### WORK INSTRUCTION
The answer must be an exact copy of every entry, with no pictures in it.

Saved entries
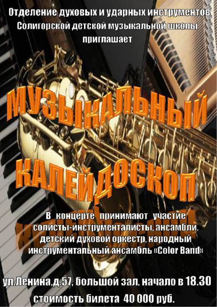 26 февраля 2016 г. отделение духовых и ударных инструментов Солигорской детской музыкальной школы приглашает на концерт «Музыкальный калейдоскоп» - новый творческий проект отделения.
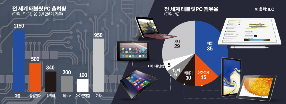 한편, 애플과 화웨이는 태블릿PC 시장 위축에도 소폭 증가세를 보였다. 애플은 올해 2분기 태블릿PC 출하량이 전년 동기 대비 10만 대 늘어난 1150만 대로 1위를 차지했다. 시장점유율은 지난해 2분기 29.9%에서 올해 2분기 34.9%로 늘었다. 3위 자리에 오른 화웨이도 지난해 2분기 출하량 310만 대에서 올해 340만 대로 소폭 증가세를 보였다. 시장점유율은 8.2%에서 10.3%로 증가했다.
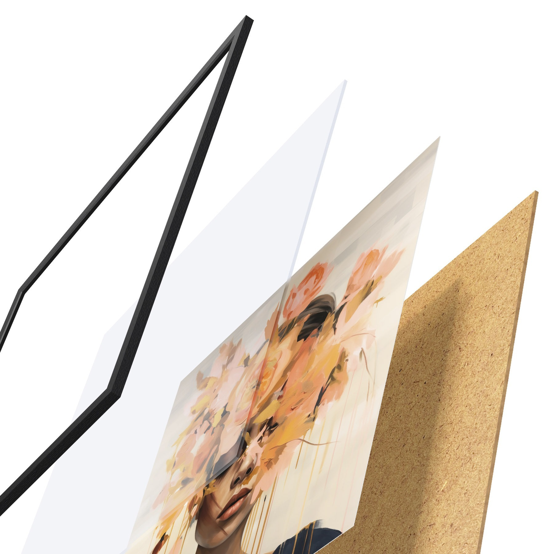 Plakatą sudaro rėmas, pleksiklas, atspausdintas vaizdas ir medžio drožlių plokštės pagrindas. Plakatą galima iš karto pakabinti ant sienos dėl kitoje pusėje esančių laikiklių.
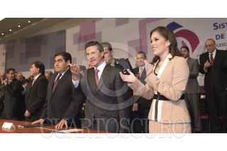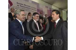 MÉXICO, D.F., 23JUNIO2015.- Al encabezar la ceremonia de instalación del Consejo del Sistema Nacional de Transparencia, Acceso a la Información y Protección de Datos Personales, el Presidente Enrique Peña Nieto destacó que el Consejo instalado hoy contará con el respaldo, el compromiso y la participación de todos para estar a la altura de los desafíos que se le presenten. “Sepan que cuentan con el compromiso y el respaldo del Gobierno de la República”, subrayó. En la imagen el mandatario saluda a Miguel Ángel Mancera, jefe de Gobierno. FOTO: PRESIDENCIA /CUARTOSCURO.COM
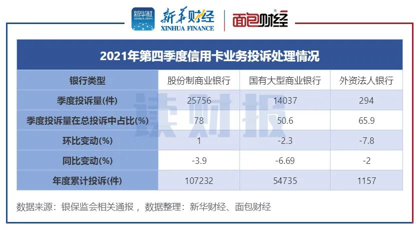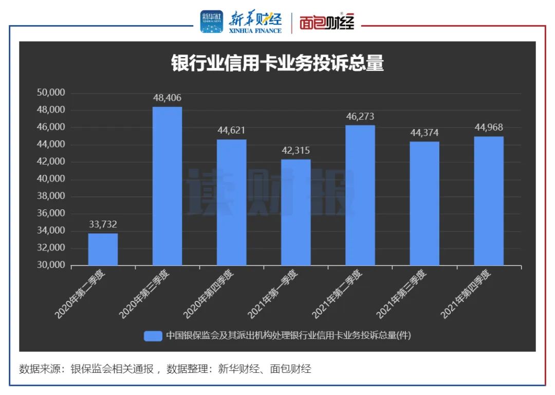 中国银保监会消费者权益保护局公布的数据显示,2021年银保监累计处理信用卡业务投诉超17万件。其中,2021年第四季度处理信用卡业务消费投诉44968件,较第三季度环比上升1.3%。
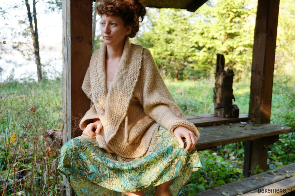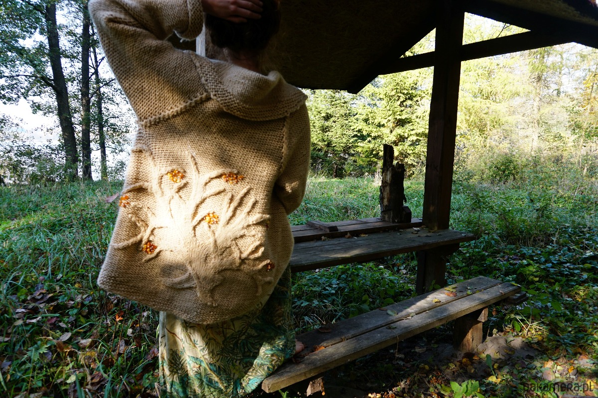 Beżowy wełniany sweter - płaszcz z bursztynowym drzewem, oversize

### REPLY
 26 февраля 2016 г. отделение духовых и ударных инструментов Солигорской детской музыкальной школы приглашает на концерт «Музыкальный калейдоскоп» - новый творческий проект отделения.
 한편, 애플과 화웨이는 태블릿PC 시장 위축에도 소폭 증가세를 보였다. 애플은 올해 2분기 태블릿PC 출하량이 전년 동기 대비 10만 대 늘어난 1150만 대로 1위를 차지했다. 시장점유율은 지난해 2분기 29.9%에서 올해 2분기 34.9%로 늘었다. 3위 자리에 오른 화웨이도 지난해 2분기 출하량 310만 대에서 올해 340만 대로 소폭 증가세를 보였다. 시장점유율은 8.2%에서 10.3%로 증가했다.
 Plakatą sudaro rėmas, pleksiklas, atspausdintas vaizdas ir medžio drožlių plokštės pagrindas. Plakatą galima iš karto pakabinti ant sienos dėl kitoje pusėje esančių laikiklių.
 MÉXICO, D.F., 23JUNIO2015.- Al encabezar la ceremonia de instalación del Consejo del Sistema Nacional de Transparencia, Acceso a la Información y Protección de Datos Personales, el Presidente Enrique Peña Nieto destacó que el Consejo instalado hoy contará con el respaldo, el compromiso y la participación de todos para estar a la altura de los desafíos que se le presenten. “Sepan que cuentan con el compromiso y el respaldo del Gobierno de la República”, subrayó. En la imagen el mandatario saluda a Miguel Ángel Mancera, jefe de Gobierno. FOTO: PRESIDENCIA /CUARTOSCURO.COM
 中国银保监会消费者权益保护局公布的数据显示,2021年银保监累计处理信用卡业务投诉超17万件。其中,2021年第四季度处理信用卡业务消费投诉44968件,较第三季度环比上升1.3%。
 Beżowy wełniany sweter - płaszcz z bursztynowym drzewem, oversize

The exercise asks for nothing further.